Hi, Joanne and Miklos,

On 11/8/24 7:56 AM, Joanne Koong wrote:
> Currently, we allocate and copy data to a temporary folio when
> handling writeback in order to mitigate the following deadlock scenario
> that may arise if reclaim waits on writeback to complete:
> * single-threaded FUSE server is in the middle of handling a request
>   that needs a memory allocation
> * memory allocation triggers direct reclaim
> * direct reclaim waits on a folio under writeback
> * the FUSE server can't write back the folio since it's stuck in
>   direct reclaim
> 
> To work around this, we allocate a temporary folio and copy over the
> original folio to the temporary folio so that writeback can be
> immediately cleared on the original folio.
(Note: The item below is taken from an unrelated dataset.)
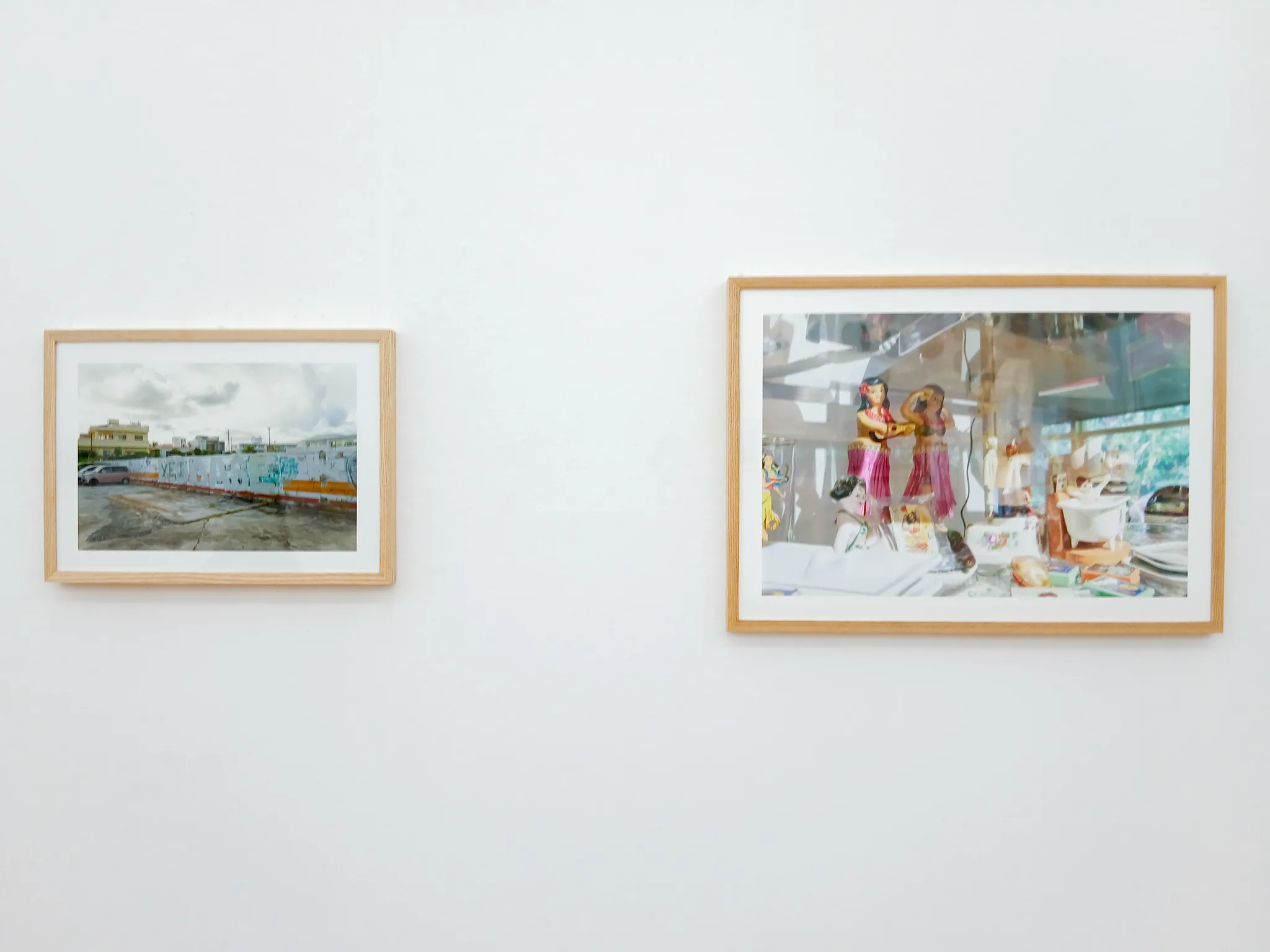 上原は、その土地や歴史に接していくアプローチとして、「写真を撮る」「後から見返す」「持ち帰ったものを再び手に取る」というプロセスを行き来する。「風景がどんなに塗り替わったとしても、声を発さなくても、そこで起こったことは消えない。取るに足らないような細部のものにも、小さな“証言”が残されている」という彼女は、街を歩きながら耳を澄ませるように目に止まったものをひたすら写し、その後再びゆっくり時間をかけて読み込み、写り込んだものを調べたりしながら写真を選び直すという作業を繰り返す。さらに台湾のように生活圏から離れた場所では、お土産品などを持ち帰り、自身の空間としての部屋や、身体の一部である手の中に置き、その手ざわりのようなものを撮影するようになった。

This additionally requires us
> to maintain an internal rb tree to keep track of writeback state on the
> temporary folios.
> 
> A recent change prevents reclaim logic from waiting on writeback for
> folios whose mappings have the AS_WRITEBACK_MAY_BLOCK flag set in it.
> This commit sets AS_WRITEBACK_MAY_BLOCK on FUSE inode mappings (which
> will prevent FUSE folios from running into the reclaim deadlock described
> above) and removes the temporary folio + extra copying and the internal
> rb tree.
> 
> fio benchmarks --
> (using averages observed from 10 runs, throwing away outliers)
> 
> Setup:
> sudo mount -t tmpfs -o size=30G tmpfs ~/tmp_mount
>  ./libfuse/build/example/passthrough_ll -o writeback -o max_threads=4 -o source=~/tmp_mount ~/fuse_mount
> 
> fio --name=writeback --ioengine=sync --rw=write --bs={1k,4k,1M} --size=2G
> --numjobs=2 --ramp_time=30 --group_reporting=1 --directory=/root/fuse_mount
> 
>         bs =  1k          4k            1M
> Before  351 MiB/s     1818 MiB/s     1851 MiB/s
> After   341 MiB/s     2246 MiB/s     2685 MiB/s
> % diff        -3%          23%         45%
> 
> Signed-off-by: Joanne Koong <joannelkoong@xxxxxxxxx>

IIUC this patch seems to break commit
8b284dc47291daf72fe300e1138a2e7ed56f38ab ("fuse: writepages: handle same
page rewrites").

> -	/*
> -	 * Being under writeback is unlikely but possible.  For example direct
> -	 * read to an mmaped fuse file will set the page dirty twice; once when
> -	 * the pages are faulted with get_user_pages(), and then after the read
> -	 * completed.
> -	 */

In short, the target scenario is like:

```
# open a fuse file and mmap
fd1 = open("fuse-file-path", ...)
uaddr = mmap(fd1, ...)

# DIRECT read to the mmaped fuse file
fd2 = open("ext4-file-path", O_DIRECT, ...)
read(fd2, uaddr, ...)
    # get_user_pages() of uaddr, and triggers faultin
    # a_ops->dirty_folio() <--- mark PG_dirty

    # when DIRECT IO completed:
    # a_ops->dirty_folio() <--- mark PG_dirty
```

The auxiliary write request list was introduced to fix this.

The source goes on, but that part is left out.